### Provided data

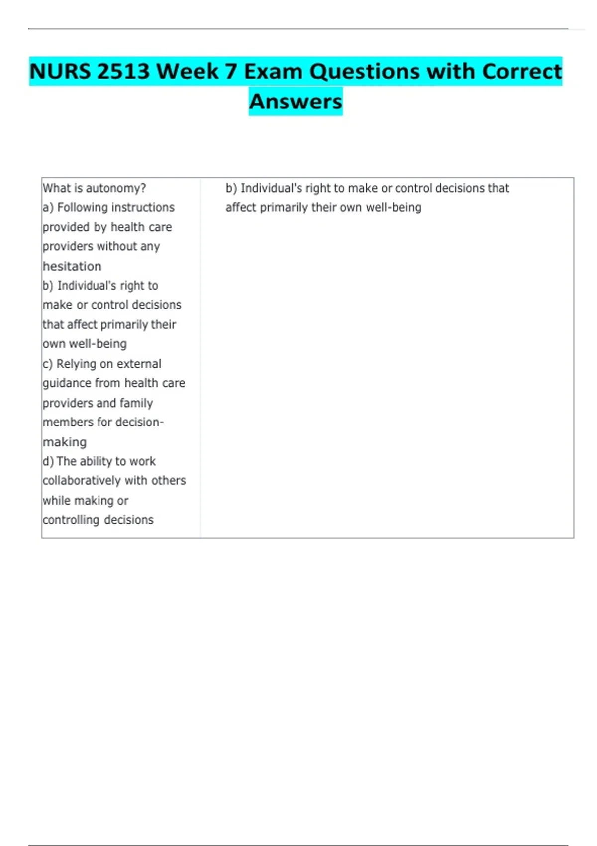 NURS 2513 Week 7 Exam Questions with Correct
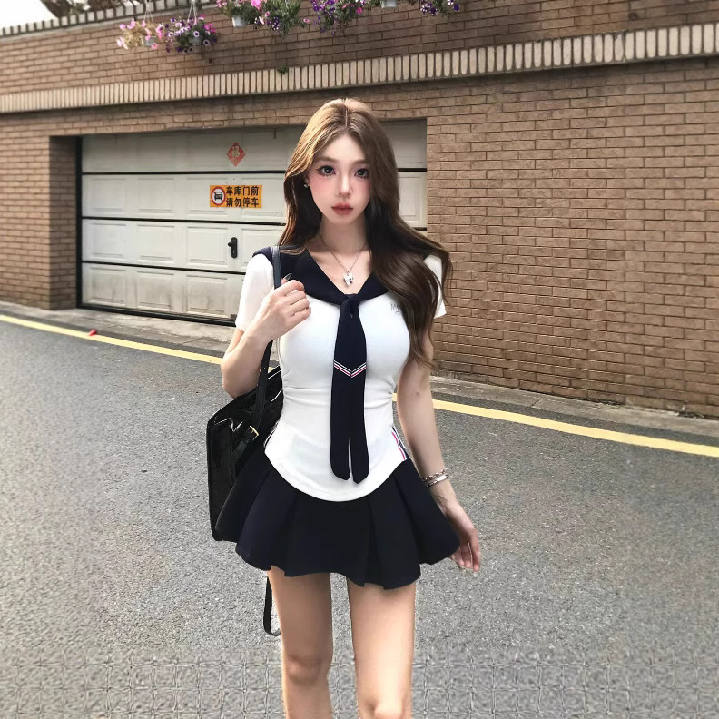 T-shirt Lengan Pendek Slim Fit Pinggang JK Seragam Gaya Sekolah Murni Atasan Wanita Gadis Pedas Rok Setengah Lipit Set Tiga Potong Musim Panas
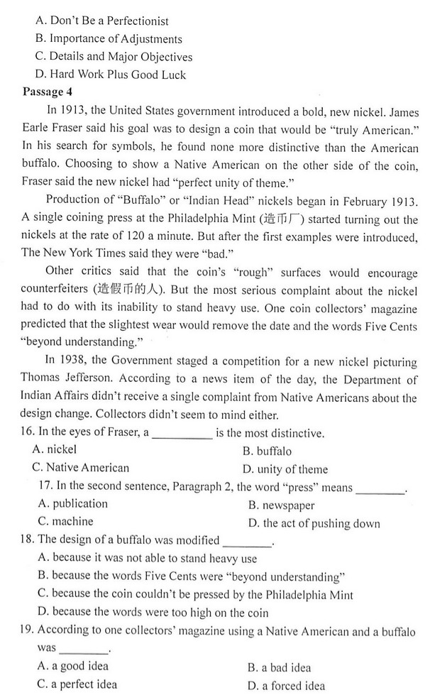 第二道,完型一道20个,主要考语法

...

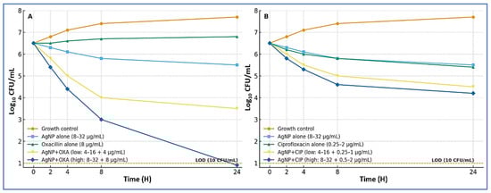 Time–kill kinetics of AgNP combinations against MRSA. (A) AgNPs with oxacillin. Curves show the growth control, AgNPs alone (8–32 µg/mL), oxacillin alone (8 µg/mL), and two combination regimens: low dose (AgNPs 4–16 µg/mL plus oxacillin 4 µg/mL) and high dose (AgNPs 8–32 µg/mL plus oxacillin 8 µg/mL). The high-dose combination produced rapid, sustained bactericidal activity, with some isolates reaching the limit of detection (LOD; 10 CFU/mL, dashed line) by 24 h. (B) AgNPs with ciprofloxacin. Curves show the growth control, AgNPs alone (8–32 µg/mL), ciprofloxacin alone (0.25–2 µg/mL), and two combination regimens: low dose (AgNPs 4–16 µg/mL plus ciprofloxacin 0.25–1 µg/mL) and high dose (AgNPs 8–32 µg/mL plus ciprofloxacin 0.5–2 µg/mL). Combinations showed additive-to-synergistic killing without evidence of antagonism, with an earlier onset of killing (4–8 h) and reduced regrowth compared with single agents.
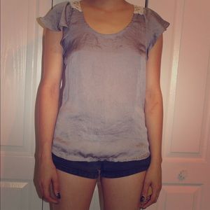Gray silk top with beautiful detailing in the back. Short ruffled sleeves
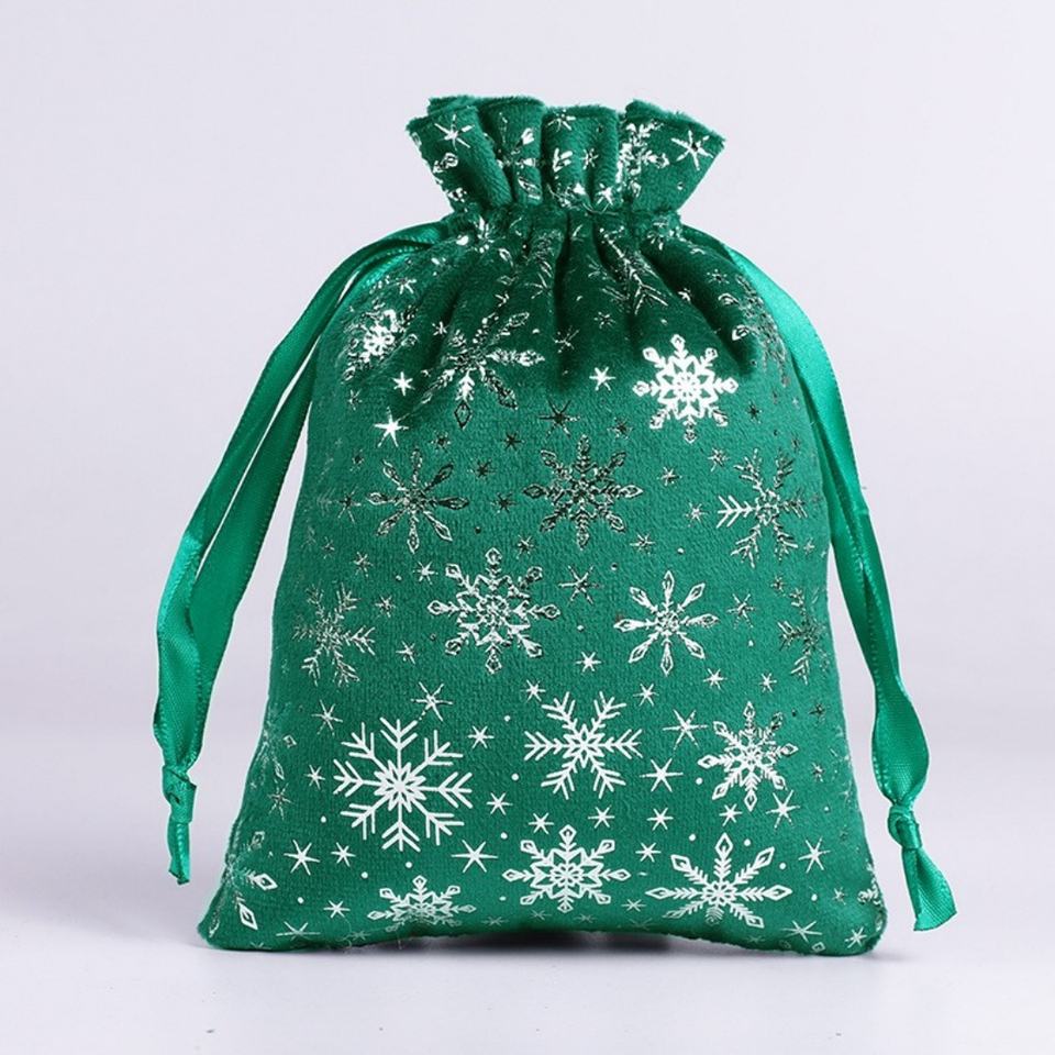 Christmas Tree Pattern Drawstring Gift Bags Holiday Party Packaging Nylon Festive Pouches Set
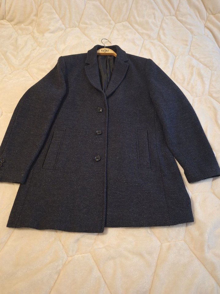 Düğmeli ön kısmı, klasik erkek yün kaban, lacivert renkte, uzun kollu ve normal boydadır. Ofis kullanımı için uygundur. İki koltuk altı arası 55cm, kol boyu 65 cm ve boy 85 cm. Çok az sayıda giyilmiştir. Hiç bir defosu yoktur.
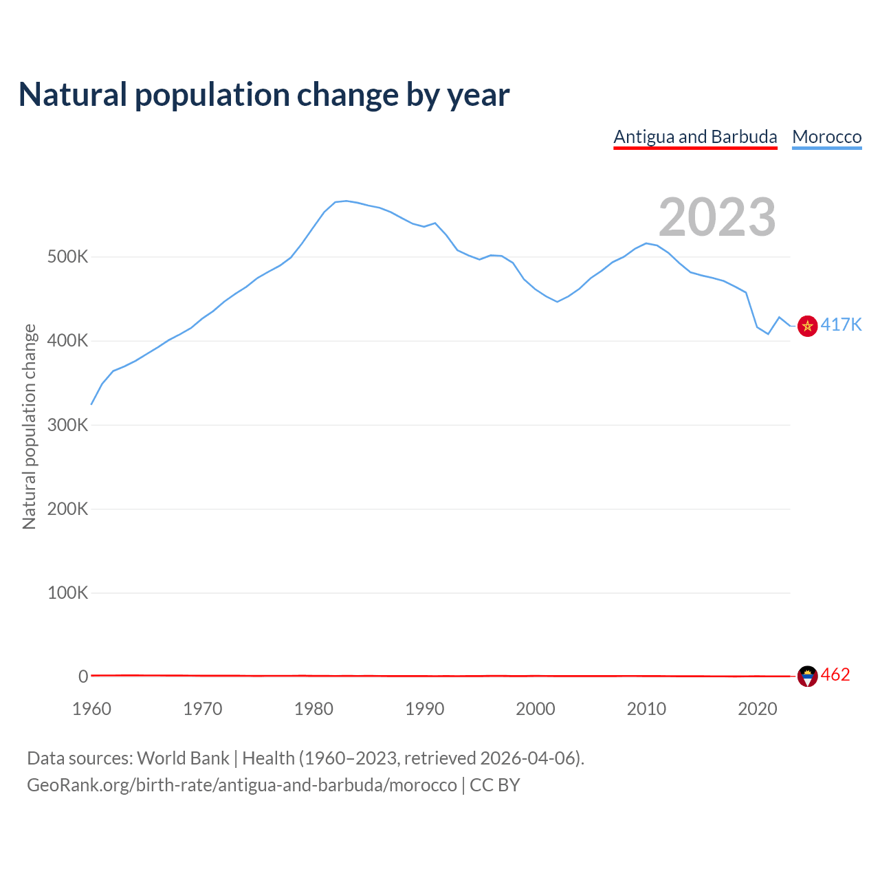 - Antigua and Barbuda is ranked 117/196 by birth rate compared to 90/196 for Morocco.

--

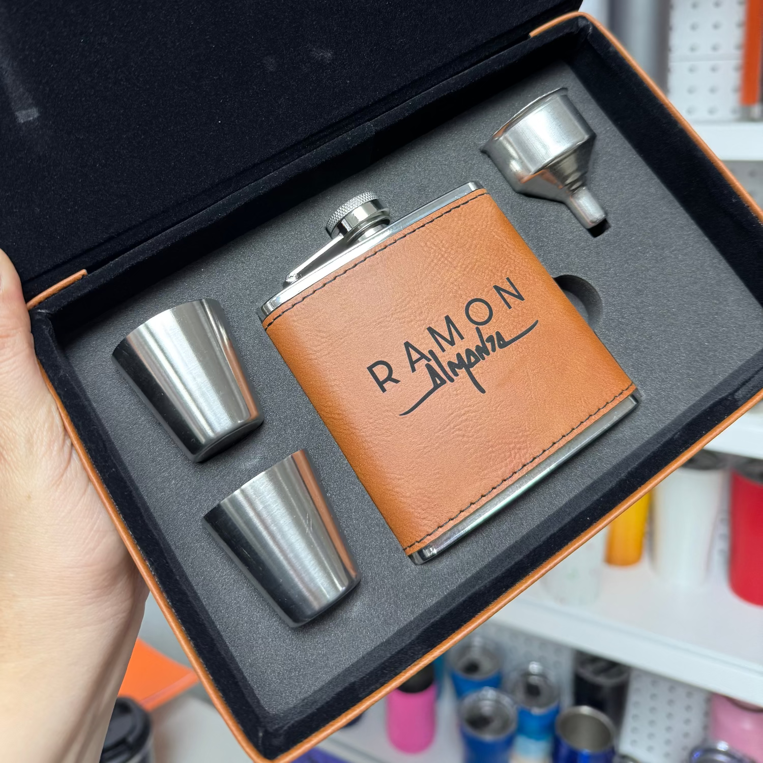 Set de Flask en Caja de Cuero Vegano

### Work required
When copying from the data above, begin at the line containing "Time–kill kinetics of" and end at the line containing "- Antigua and"; return those lines exactly and leave all pictures behind.

### Exercise output
 Time–kill kinetics of AgNP combinations against MRSA. (A) AgNPs with oxacillin. Curves show the growth control, AgNPs alone (8–32 µg/mL), oxacillin alone (8 µg/mL), and two combination regimens: low dose (AgNPs 4–16 µg/mL plus oxacillin 4 µg/mL) and high dose (AgNPs 8–32 µg/mL plus oxacillin 8 µg/mL). The high-dose combination produced rapid, sustained bactericidal activity, with some isolates reaching the limit of detection (LOD; 10 CFU/mL, dashed line) by 24 h. (B) AgNPs with ciprofloxacin. Curves show the growth control, AgNPs alone (8–32 µg/mL), ciprofloxacin alone (0.25–2 µg/mL), and two combination regimens: low dose (AgNPs 4–16 µg/mL plus ciprofloxacin 0.25–1 µg/mL) and high dose (AgNPs 8–32 µg/mL plus ciprofloxacin 0.5–2 µg/mL). Combinations showed additive-to-synergistic killing without evidence of antagonism, with an earlier onset of killing (4–8 h) and reduced regrowth compared with single agents.
Gray silk top with beautiful detailing in the back. Short ruffled sleeves
 Christmas Tree Pattern Drawstring Gift Bags Holiday Party Packaging Nylon Festive Pouches Set
 Düğmeli ön kısmı, klasik erkek yün kaban, lacivert renkte, uzun kollu ve normal boydadır. Ofis kullanımı için uygundur. İki koltuk altı arası 55cm, kol boyu 65 cm ve boy 85 cm. Çok az sayıda giyilmiştir. Hiç bir defosu yoktur.
 - Antigua and Barbuda is ranked 117/196 by birth rate compared to 90/196 for Morocco.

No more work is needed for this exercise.